本申请提供的查找表单页面和目标页面转化关系的方法和装置,通过对页面访问日志进行解析,分解出所有被访问页面的统一资源定位符URL和跳转URL组,其中,每个跳转URL组包括两个URL,且第二个URL对应的页面是由第一个URL对应的页面直接跳转而来的,接着对所有被访问页面的URL进行筛选,将包含表单的页面的URL加入表单页面URL集合,然后根据第一个URL属于表单页面URL集合的跳转URL组生成表单页跳转对集合,接着从表单页跳转对集合中筛除符合预设条件的表单页跳转对,将剩余各个表单页跳转对中的URL进行泛化,确定目标页面URL,其中,目标页面URL为泛化后的第二个URL,接着对各个目标页面URL,将其所在的至少一个表单页跳转对中经过泛化的第一个URL确定为跳转到该目标页面URL的表单页面URL,由此,确定出了至少一个跳转到目标页面URL的表单页面URL。由于充分考虑了页面之间的跳转关系,这种查找表单页面和目标页面转化关系的方法和装置提高了确定表单转化行为的准确度。
附图说明
通过阅读参照以下附图所作的对非限制性实施例的详细描述,本申请的其它特征、目的和优点将会变得更明显:
图1示出了可以应用本申请实施例的示例性系统架构;
图2是根据本申请的查找表单页面和目标页面转化关系的方法的一个实施例的流程图;
图3是页面文档的DOM树结构的示意图;
图4a、图4b是根据本申请的查找表单页面和目标页面转化关系的方法的一个应用场景的示意图;
图5是根据本申请的查找表单页面和目标页面转化关系的装置的一个实施例的结构示意图;
图6是适于用来实现本申请实施例的电子设备的计算机系统的结构示意图。
具体实施方式
下面结合附图和实施例对本申请作进一步的详细说明。可以理解的是,此处所描述的具体实施例仅仅用于解释相关发明,而非对该发明的限定。另外还需要说明的是,为了便于描述,附图中仅示出了与有关发明相关的部分。

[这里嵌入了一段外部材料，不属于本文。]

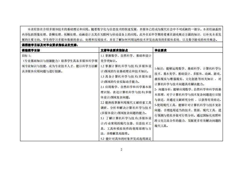 《多媒体概论》教学大纲裸程名称:多媒体概论课程类别(必修选修)事必修课程英文名称:Introduction to Multimedia总学时周学时/学分,48/3/3其中实险实戒学时:8先售程:无后续课程支撑:多媒体设计与制作、游戏开发实务授课时间:1至16周里期四9-11节授课地点:605机房授课对:2024级多媒体系1班开课学洗:粤台产业科技学院多媒体设计系。任课敏即姓名职淋:盛介中/副教授容疑时间、地点与方式:实验楼3071每次课的课前、课间和课后,采用一对一的问答方式:2每次习题课,采用集中讲解方式课程考核方式:开卷()闭卷(√)课程论文()其它()使用微材:1.多媒体应用技术(第2版),季怡、龚声蓉、刘纯平、王林,人民邮电出版社.2.数字游戏设计,黄石,清华大学出版社收学事考资料:1.《多媒体技术与应用》清华大学出版社安继芳,侯爽2.《智能多媒体理论与实战》清华大学出版社陈锋,陈平平,郭恩特,郑明魁,吴丽君课程筒介:

需要说明的是,在不冲突的情况下,本申请中的实施例及实施例中的特征可以相互组合。下面将参考附图并结合实施例来详细说明本申请。
图1示出了可以应用本申请实施例的示例性系统架构100。
如图1所示,系统架构100可以包括终端设备101、102、网络103和服务器104。网络103用以在终端设备101、102和服务器104之间提供通信链路的介质。网络103可以包括各种连接类型,例如有线、无线通信链路或者光纤电缆等等。

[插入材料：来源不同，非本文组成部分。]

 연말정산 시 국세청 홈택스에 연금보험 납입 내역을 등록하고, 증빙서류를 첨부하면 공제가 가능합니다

终端设备101、102可以通过网络103与服务器104交互,以接收或发送消息等。终端设备101、102上可以安装有各种通讯客户端应用,例如浏览器应用、搜索类应用、理财类应用、购物类应用、地图类应用、社交平台应用、邮箱客户端、即时通信工具等等。
终端设备101、102可以是支持浏览器应用等安装于其上的各种电子设备,包括但不限于智能手机、智能手表、平板电脑、个人数字助理、电子书阅读器、MP3播放器(Moving Picture Experts Group Audio Layer III,动态影像专家压缩标准音频层面3)、MP4(Moving Picture Experts Group Audio Layer IV,动态影像专家压缩标准音频层面4)播放器、膝上型便携计算机和台式计算机等等。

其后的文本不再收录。